» Task to complete
Which lines run from the start of the material below through the line containing "Akční vojenský křižník, který"? Retype them exactly, pictures excluded.

» Input records
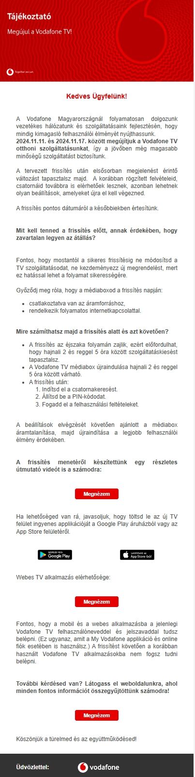 Szevasztok, az előbb kaptam vodától mailt, tizenkilencedikétől pár csatorna száma megváltozik. Ha kell hangoljam újra a Tv t. Frissítésről még semmi.
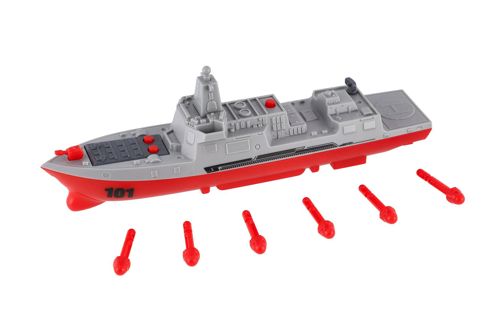 Akční vojenský křižník, který přináší zábavu plnou dobrodružství. Model je vybaven setrvačníkovým pohonem pro plynulý pohyb a střeleckou funkcí, díky které si děti užijí dynamickou hru na moři. Detailní provedení a doplňky podporují kreativní hru a umožňují dětem vytvářet vlastní námořní mise.
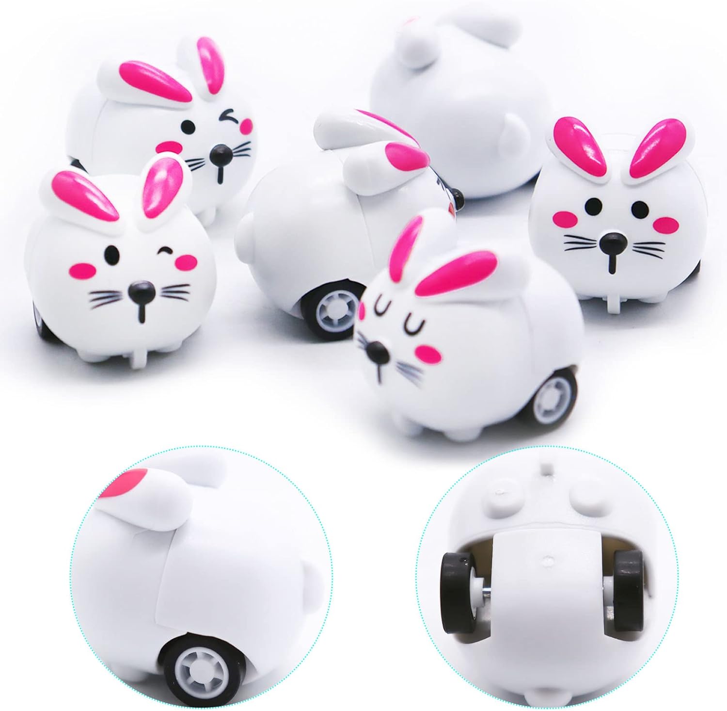 • 【Design】The body of the car is round and smooth,and the return function is strong,just gently pull back,the car will run for a long distance;These rabbit pull back cars with enough quantity are perfect toys for Easter.
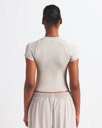 Meet your new layering essential. Our Airy fabric keeps this form-fitting baby tee ultralightweight and breathable. Product Details - Front, side and back seam details - Silicone matte logo at center back neck - 92% nylon/8% spandex - Machine wash - Imported - Shown: NSKM STONE - Style: TPTSH2738-STO SIZE & FIT Model is wearing size S and is 5’11”180cm Tight fit: snug and form-fitting
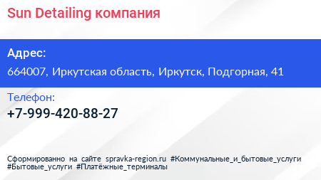 Sun Detailing, компания по адресу 664007, Иркутская область, Иркутск, Подгорная, 41 в дальнейшем Организация, размещена в следующих категориях:

» The completed task
 Szevasztok, az előbb kaptam vodától mailt, tizenkilencedikétől pár csatorna száma megváltozik. Ha kell hangoljam újra a Tv t. Frissítésről még semmi.
 Akční vojenský křižník, který přináší zábavu plnou dobrodružství. Model je vybaven setrvačníkovým pohonem pro plynulý pohyb a střeleckou funkcí, díky které si děti užijí dynamickou hru na moři. Detailní provedení a doplňky podporují kreativní hru a umožňují dětem vytvářet vlastní námořní mise.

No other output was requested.